L’exposition retrace le parcours de Daniëls entre 1976 et 1987. Toute la peinture de l’artiste à cette époque est faite d’explosions lasses, de gestuelle sans virtuosité, de grands aplats de couleurs structurés mats, fluides, quasi géométriques, de répétitions la fois abstraites et chargées de symboles. C’est une peinture qui sent les années 80, la désindustrialisation, l’urbanisme, le bétonné, la fin des utopies. L’un des éléments que l’on retrouve presque partout est un nœud papillon, Daniëls en use à toutes les sauces. On se dit que l’homme est chic, qu’il a de l’élégance. On retrouve aussi souvent des arborescences de mots et de phrases, beaucoup de symboles, une forme d’architecture froide omniprésente, mais aux couleurs acidulées et lisses.

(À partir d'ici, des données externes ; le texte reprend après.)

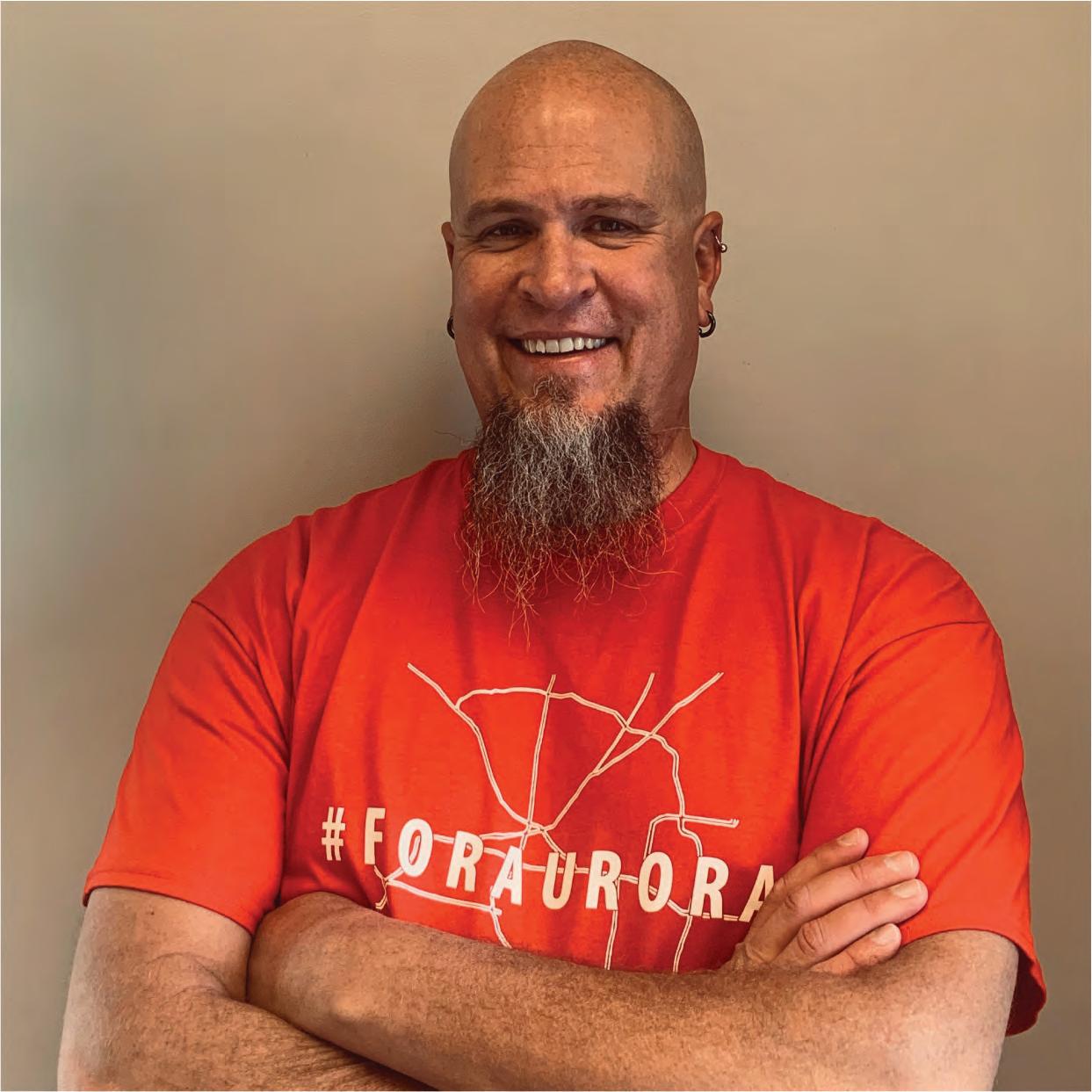 Scott Bloyer is the founding lead pastor at Elevation Christion Church in Aurora. Bloyer was born and raised in Aurora, graduating from Rangeview High School. After living in various locations around the U.S. throughout his 20s, Bloyer and his wife decided to start a church in their hometown in 2010. Elevation began meeting in Dalton Elementary School and today the church is located along East Alameda Parkway. Bloyer explained when his religious path began, “I was not a person of faith for most of my life . . . not really involved in church at all until my early 20s. I had a bad night and ended up with stitches in my face. . . Just in that moment I felt the need to respond to the love of Christ. I got down on my knees and asked God, ‘Okay, if you’re real, we got to gure this out.’ So, I gave my life to Christ.” Bloyer described Elevation Christian Church’s congregation as, “We are very diverse in age here, very diverse in cultural backgrounds, very diverse in race. I grew up here, and I knew Aurora was a melting pot of community. So, I never wanted to start a church that was just a group of people who looked like me and sounded like me.” When talking about the relationship between his church and its place in the city of Aurora, Bloyer commented, “We believe that the church should be there in the community in good times and bad. Because this is my neighborhood, I have a little more a nity to say, I really want to be a part of how are we going to make things better in our city and our community.”

À mesure que l’on découvre ce travail, on se rend compte que les nœuds papillon sont un peu plus polysémiques que ce que l’on avait supposé au début. Compris à une autre échelle, ils sont des vues en perspective, des pièces dont l’artiste ne trace que le mur du fond et les deux murs adjacents, des fonds de couloirs, des coins sans sol, sans plafond. Parfois, Daniëls y insère des ouvertures, des fenêtres ou des motifs, mais celles-ci sont toujours fermées. Le regard bute dans ces culs-de-sac, pourtant ils sont systématiquement disposés sur de grands fonds infinis. C’est comme une sorte de fatalité qui frape le regardeur, une fatalité d’autant plus pressante que l’on sait qu’aujourd’hui l’artiste est coincé dans une semi-paralysie. Toutes ces œuvres annoncent une fin qui n’a finalement pas grand-chose de chic.

Ainsi, ce travail relativement simple et je-m’en-foutiste s’avère bien plus ancrée dans le réel que n’importe quelle description scrupuleuse. Cette mauvaise peinture n’était certainement pas aussi nonchalante que ce qu’elle affiche spontanément.